The Lozi , also called Pilot or Rotse , are a people who live predominantly in Zambia and to a lesser extent in Angola and Namibia . It migrated in the 17th century as the Aalui tribe from what is now the Democratic Republic of the Congo and initially lived on the Kabompo River , 300 kilometers northeast of their present-day settlement area.
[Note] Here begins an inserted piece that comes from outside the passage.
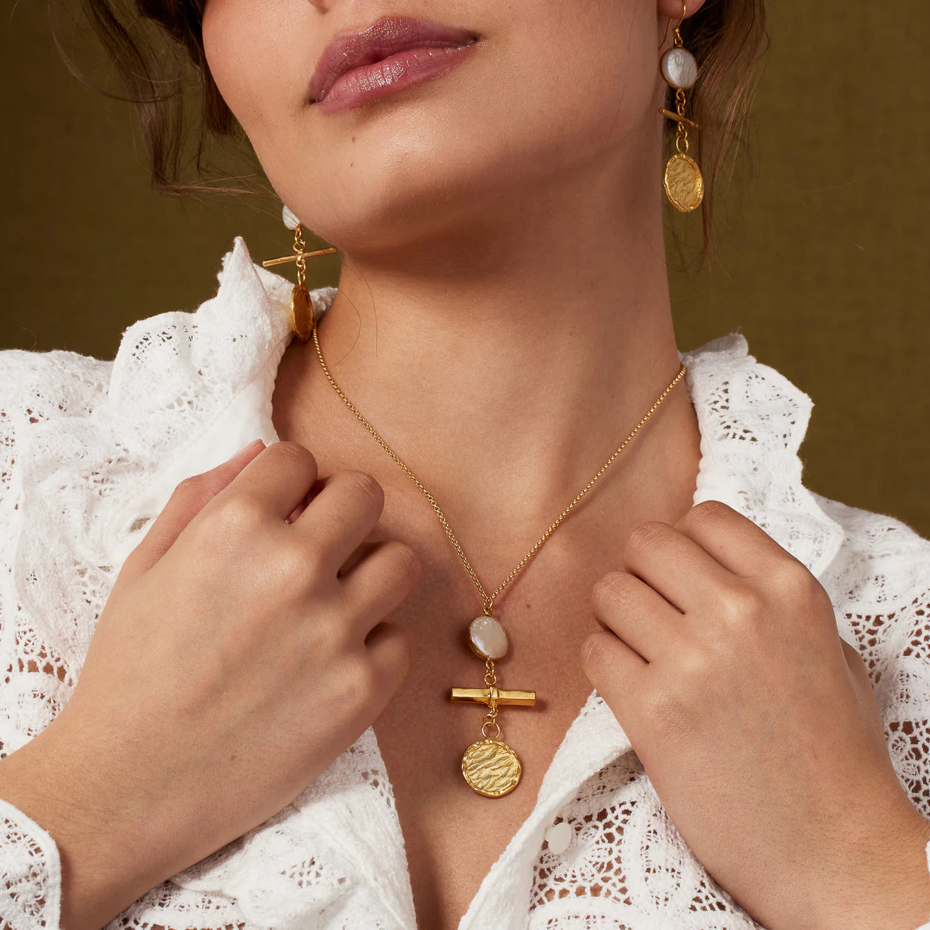 This statement necklace is truly unique, perfect for someone who likes something different! With a gold bar and freshwater pearl pendant, this necklace is beautiful for the summer.

People of this people still live there today. In the middle of the 19th century some of them migrated from the Kabompo to the Zambezi , where they were able to subjugate the Makololo in 1864 and establish the Barotse Kingdom . It is not clear whether they themselves were temporarily subjugated by the Makololo. Their state organization did not develop until after 1864. It consists of three estates: the members of the royal court, who were responsible for observing the rites and accepting tributes of subject tribes, the area chiefs, who acted as judges and tribute officers on the spot, and the officers who maintained order in subjugated places maintained. The only remaining conflicts were with the people at the Kafue .

A minority of Lozi settled in eastern Angola, in the provinces of Moxico and Cuando Cubango . In 1972 the Odendaal Commission set up a homeland for the Lozi in South West Africa (later Namibia ) following the basic patterns of South African apartheid policy , which in 1976 received self-government status. It was first called Ostcaprivi , later renamed Lozi . When Namibia gained state sovereignty in 1990, it was abolished.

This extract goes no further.